> MATERIAL SUPPLIED:
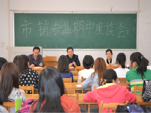 5月12日下午,我院在3号教学楼203教室举行了市销专业学习与发展指导交流会,参加此次交流会的有我院党委书记高厚礼、市销专业周涛老师、辅导员董梅老师及11-13级市销专业学生代表。
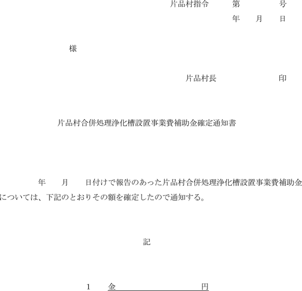 第1条 村長は、生活排水による公共用水域の水質汚濁を防止するため、合併処理浄化槽の設置に要する経費について、予算の範囲内において補助金を交付するものとし、当該補助金の交付に関しては、片品村補助金等に関する規則(昭和41年規則第3号)に定めるもののほか、この要綱の定めるところによる。
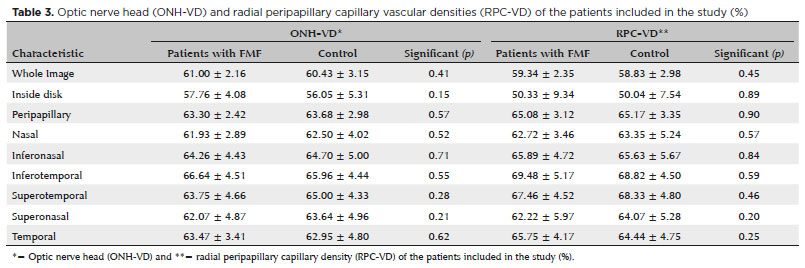 Métodos: Trinta e dois pacientes com febre mediterrânica familiar e 30 controles saudáveis foram incluídos neste estudo. Todos os pacientes foram submetidos a um exame oftalmológico completo, incluindo a acuidade visual melhor corrigida e medida da pressão intraocular. O aparelho AngioVue Optical coherence tomography angiography (Optovue, Fremont, CA) com angiografia de correlação de amplitude de espectro dividido foi utilizado para avaliar e examinar a estrutura microvascular da retina. As angiotomografias de coerência ópticas en face tridimensionais foram obtidas examinando o protocolo de varredura macular 3 x 3 mm (modo angio retina) e o nervo óptico com o protocolo de varredura 3 x 3 mm (modo angio-disco). Todos os olhos direitos dos pacientes foram examinados.
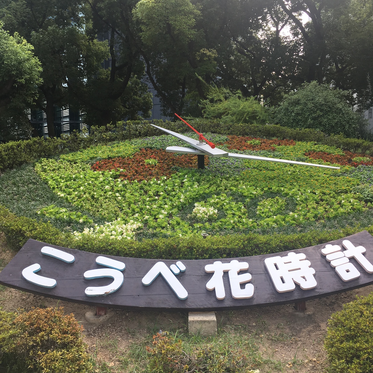三ノ宮駅からも近い場所にあり、徒歩にて向かいました。その名前の通りですが、お花でできた時計です。デザインについては、説明書きがされている看板もあるのでわかりやすいです。仕方のないですが、正面ではなく次回は上から見てみたいです。
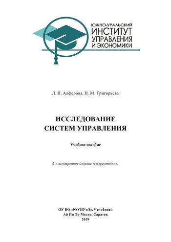 Исследование систем управления : учебное пособие / Алферова Л. В., Григорьева Н. М. - Южно-Уральский институт управления и экономики, Ай Пи Эр Медиа, 2019. -
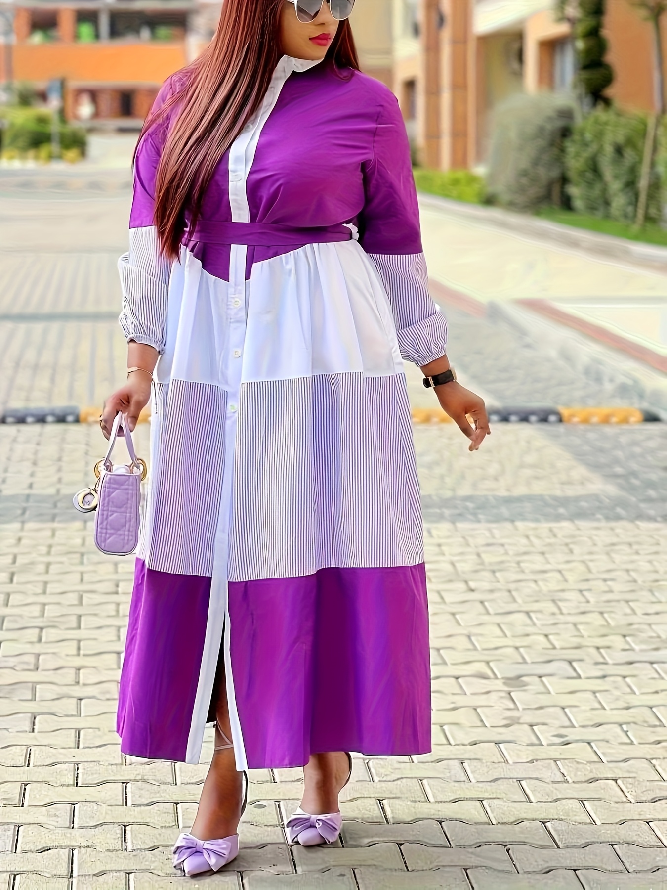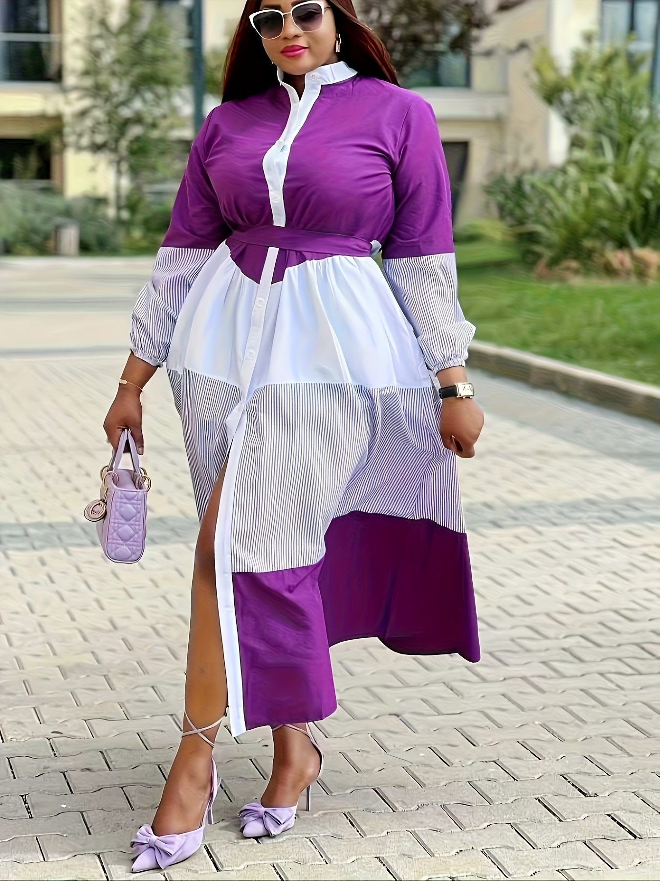Plus Size - Plus Size, Women'S Plus Size Elegant Long Sleeve dress - Formal & Casual office to party Outfit, Button-Front Long Dress in Olive Green & White Vertical Stripes, Non-Stretch Fabric for Everyday & Special Events, Versatile Wardrobe Staple, Classic Round Neckline, Structured Silhouette, Stylish Blouse Dress, Professional Women
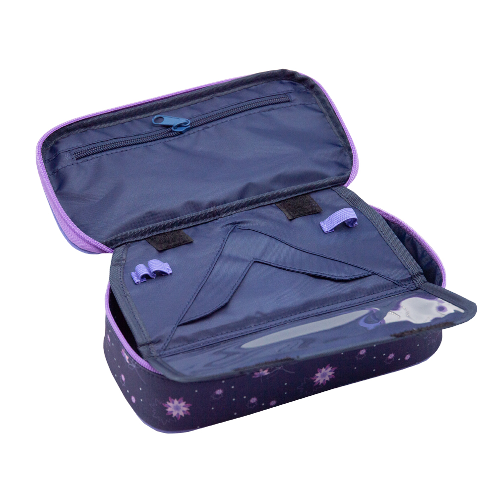 Školní pouzdro je opatřeno pevnými zipy, uzavíratelnou kapsičkou na zip, přihrádkou na pravítko a klopou s šesti poutky na psací potřeby. Pod klopou je místo pro volné uložení psacích potřeb nebo jiných drobností. Vhodné pro školáky na 2. stupni a starší studenty.
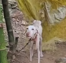 As I got closer, the truth became clearer. Her body was covered in dirt, her fur matted and uneven. She was painfully thin, her ribs visible with every shallow breath. But it wasn’t just her physical condition that broke my heart.
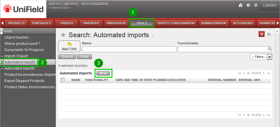 | Configuration: Log in your instance and click on menu TOOLS 1,Automated Imports 2 Click on New 3 to create a new scheduled import | ![]() |
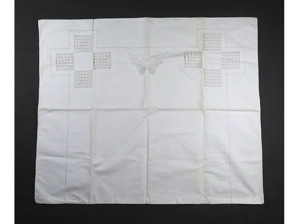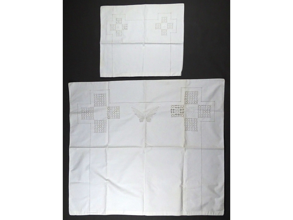 Régi, hibátlan, újszerű állapotú, horgolt pillangóval díszített, vékony fehér vászon párnahuzat garnitúra.
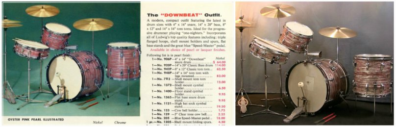 http://thedrumden.com/product-spotlight/1960-ludwig-oyster-pink-pearl-downbeat-drum-set/
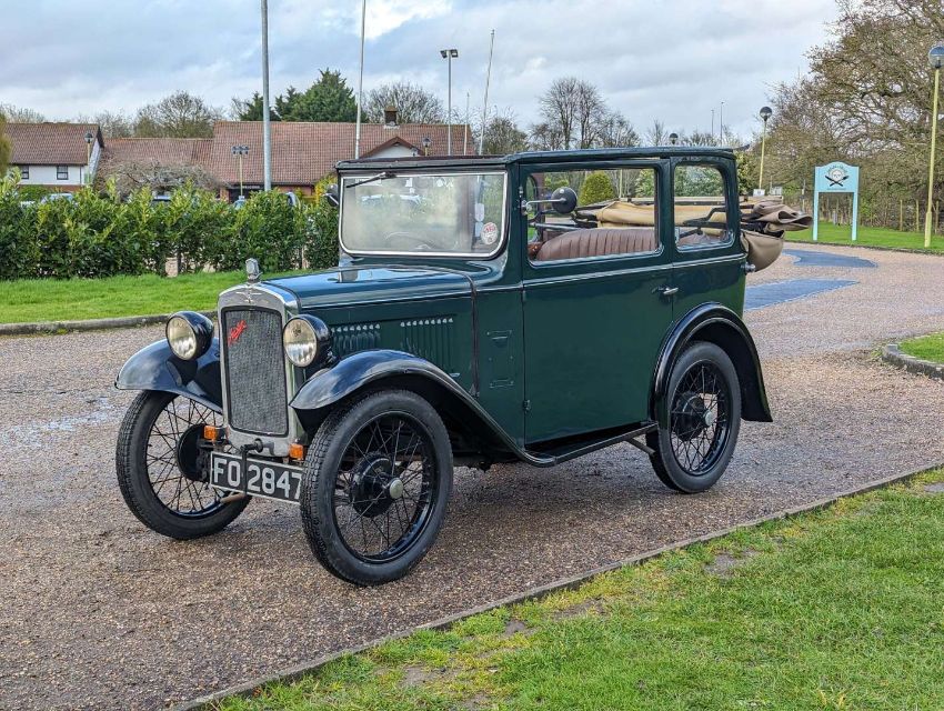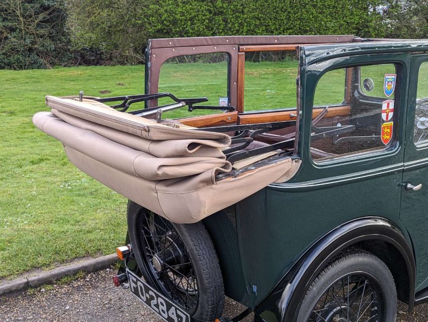 This 1932 Austin Seven Tickford Cabriolet has been in the same recorded ownership since 2019. The previous owner, an Austin Seven enthusiast, kept the car for thirty-one years and attended rallies in both the UK and Europe. A very rare model, the Tickford stands out with its wind down Mohair roof. Recent work has included a new petrol tank, carburettor rebuild, new starter ring gear, front brake shoes and battery. Fitted with a Phoenix crank and high compression head. Comes with buff log book, MoT's 1988 - 2012, tax discs, hand written service notes, handbook and V5. 3,123 recorded miles

> WORK INSTRUCTION: Copy nothing but the lines from the top of the data down to the line containing "Plus Size - Plus", and leave the pictures out.

> WRITTEN REPLY:
 5月12日下午,我院在3号教学楼203教室举行了市销专业学习与发展指导交流会,参加此次交流会的有我院党委书记高厚礼、市销专业周涛老师、辅导员董梅老师及11-13级市销专业学生代表。
 第1条 村長は、生活排水による公共用水域の水質汚濁を防止するため、合併処理浄化槽の設置に要する経費について、予算の範囲内において補助金を交付するものとし、当該補助金の交付に関しては、片品村補助金等に関する規則(昭和41年規則第3号)に定めるもののほか、この要綱の定めるところによる。
 Métodos: Trinta e dois pacientes com febre mediterrânica familiar e 30 controles saudáveis foram incluídos neste estudo. Todos os pacientes foram submetidos a um exame oftalmológico completo, incluindo a acuidade visual melhor corrigida e medida da pressão intraocular. O aparelho AngioVue Optical coherence tomography angiography (Optovue, Fremont, CA) com angiografia de correlação de amplitude de espectro dividido foi utilizado para avaliar e examinar a estrutura microvascular da retina. As angiotomografias de coerência ópticas en face tridimensionais foram obtidas examinando o protocolo de varredura macular 3 x 3 mm (modo angio retina) e o nervo óptico com o protocolo de varredura 3 x 3 mm (modo angio-disco). Todos os olhos direitos dos pacientes foram examinados.
三ノ宮駅からも近い場所にあり、徒歩にて向かいました。その名前の通りですが、お花でできた時計です。デザインについては、説明書きがされている看板もあるのでわかりやすいです。仕方のないですが、正面ではなく次回は上から見てみたいです。
 Исследование систем управления : учебное пособие / Алферова Л. В., Григорьева Н. М. - Южно-Уральский институт управления и экономики, Ай Пи Эр Медиа, 2019. -
Plus Size - Plus Size, Women'S Plus Size Elegant Long Sleeve dress - Formal & Casual office to party Outfit, Button-Front Long Dress in Olive Green & White Vertical Stripes, Non-Stretch Fabric for Everyday & Special Events, Versatile Wardrobe Staple, Classic Round Neckline, Structured Silhouette, Stylish Blouse Dress, Professional Women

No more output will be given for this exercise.